Now, I am not a fan of July 21 decisions, primarily because they do not address the core issue of the crisis - too much debt in the system and too little growth. EFSF purchasing sovereign bonds and lending to insolvent states is not going to reduce the debt pile accumulated by European Governments. Nor will extending maturity and lowering interest rates on its loans help improve economic situation in PIIGS and beyond. So I would disagree with ESRB on the first bullet point.

Calling for adoption of sustainable fiscal policies and growth enhancing measures is like telling a person sinking in a bog to pull harder on his hair. Fiscal sustainability is not being delivered in any of the PIIGS so far, and there is absolutely no appetite for any Government in Europe to take properly drastic measures required to get their finances on sustainable path. Even the very definition of sustainability used by EU is a mad one (let alone not a single state actually adhered to it so far with exception of Finland). A deficit of 3% pa means that you get to 100% debt/GDP ratio in longer time than with a deficit of 5% pa. But you will still get there, folks. Debt to GDP ratio of 60% is only sustainable if, in the environment of 3% 10-year yields your economy expands by more than 1.8% pa (assuming no population growth and no amortization and depreciation under balanced budget). That has not happened in the euro zone in any single 10 year period since we have full data for its members.

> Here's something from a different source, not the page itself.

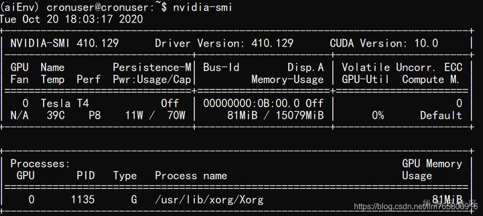 显卡信息:NVIDIA驱动:410.129(nvidia-smi )

Growth-enhancing measures adoption is another case of pure 'wishful' thinking. In most of the Euro area and indeed in the EU Commission, this usually means more subsidies and more state spending. In parts of Central and Eastern Europe it usually means promoting real private sector competition and investment. Of course, we know who weathered the storm best in the last two recessions. But, hey, ESRB wouldn't make a call as to what it means by this "adopting... growth-enhancing measures" despite the fact that much of "growth enhancements" unleashed on euro area economies in recent past is precisely what got us into the current sovereign debt mess in the first place.

As per its last bullet point, one starts to wonder if ESRB is going down the slippery line of 'rhetoric ahead of action'. What does "enhancing the coordination and consistency of communication" mean? All of the EU policymakers 'speaking with one voice'? Curtailing or otherwise minimizing dissent? Controlling information flows? What the hell, pardon my French here, does it really mean, folks?

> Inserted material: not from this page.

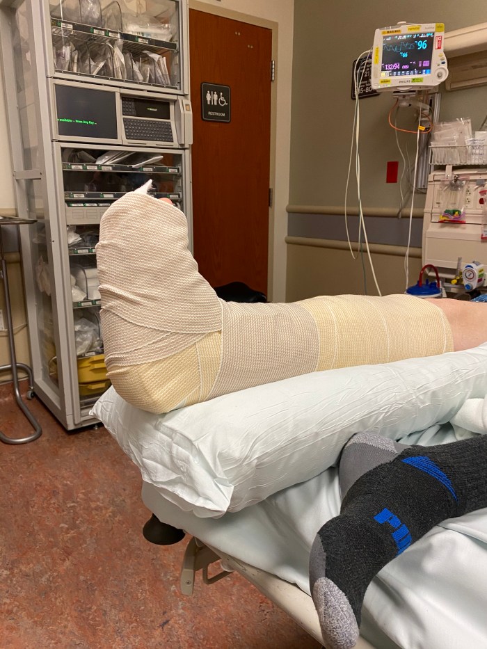 All were incredulous. A fractured tibia should be very painful yet Greg continued to report his pain level as zero. What a blessing! Especially when the doctor manipulated his leg and we watched as the bottom half of his leg moved as an independent unit while the section above the break remained still.

On a beefy ending, ESRB prescribes that: "Supervisors should coordinate efforts to strengthen bank capital, including having recourse to backstop facilities, taking also into account the need for transparent and consistent valuation of sovereign exposures. If necessary, this could benefit from the possibility for the European Financial Stability Facility to lend to governments in order to recapitalise banks, including in non-programme countries."

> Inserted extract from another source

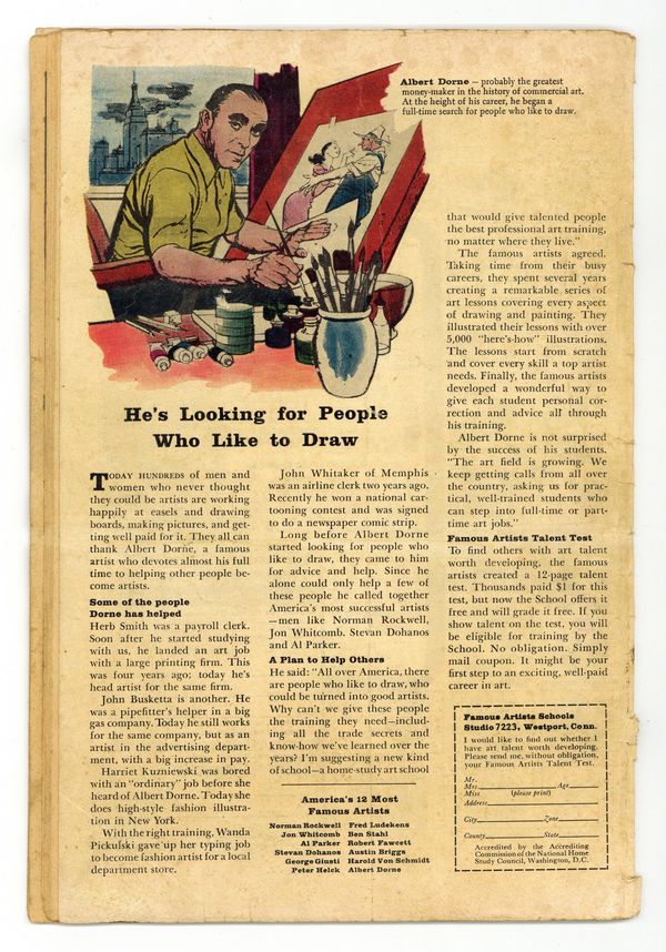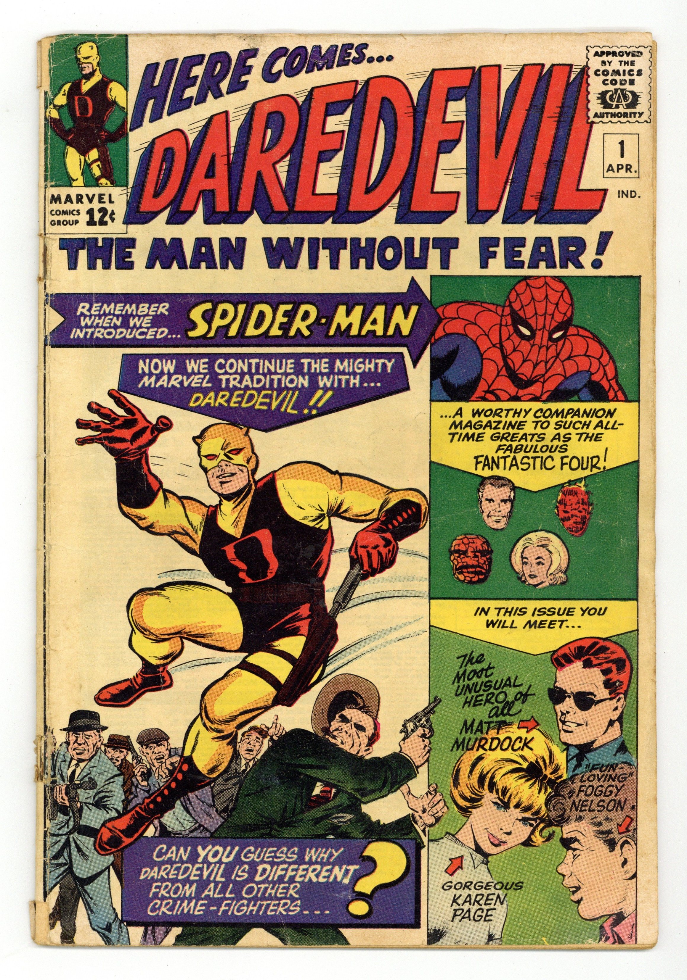 Cover pencils by Jack Kirby, inks by Bill Everett. First appearances of Daredevil, Karen Page, and Foggy Nelson in The Origin of Daredevil, script by Stan Lee, art by Bill Everett (splash page penciled by Jack Kirby); Matt Murdock saves a blind man from an oncoming truck but is struck blind himself by a radioactive canister during the rescue; The radioactivity heightens Matt's other senses and gives him an uncanny radar sense; Matt graduates college and begins practicing law with his college roommate Foggy; Matt's father, a boxer, is killed by the Fixer after he refuses to throw a fight; Matt designs a costume and a billy club (from his cane) and takes his derogatory childhood nickname "Daredevil"; DD tracks down the Fixer and the man who shot his father. Spider-Man and Fantastic Four appear on the cover but not in the story inside. 36 pgs. Cover price $0.12. Cover price $0.12. Grade: GD+ 2.5 explanation of grade Condition: Used (collectible)

I am sorry to say this, but if anyone reading this is going to vote in the Dail on the European Financial Stability Facility and Euro Area Loan Facility (Amendment) Bill 2011 you really have to understand this statement. In effect, ESRB here welcomes loading of the risks of insolvent banking systems - including in non-programme countries - into one single facility, the EFSF, which will have preventative powers to intervene in the markets to buy distressed debts of banks and sovereigns. In a sense, EFSF will become a super-dump - a motherload of super toxic financial refuse from both radioactively insolvent sovereigns and biochemically toxic banks. You wouldn't want THIS anywhere near your local constituency.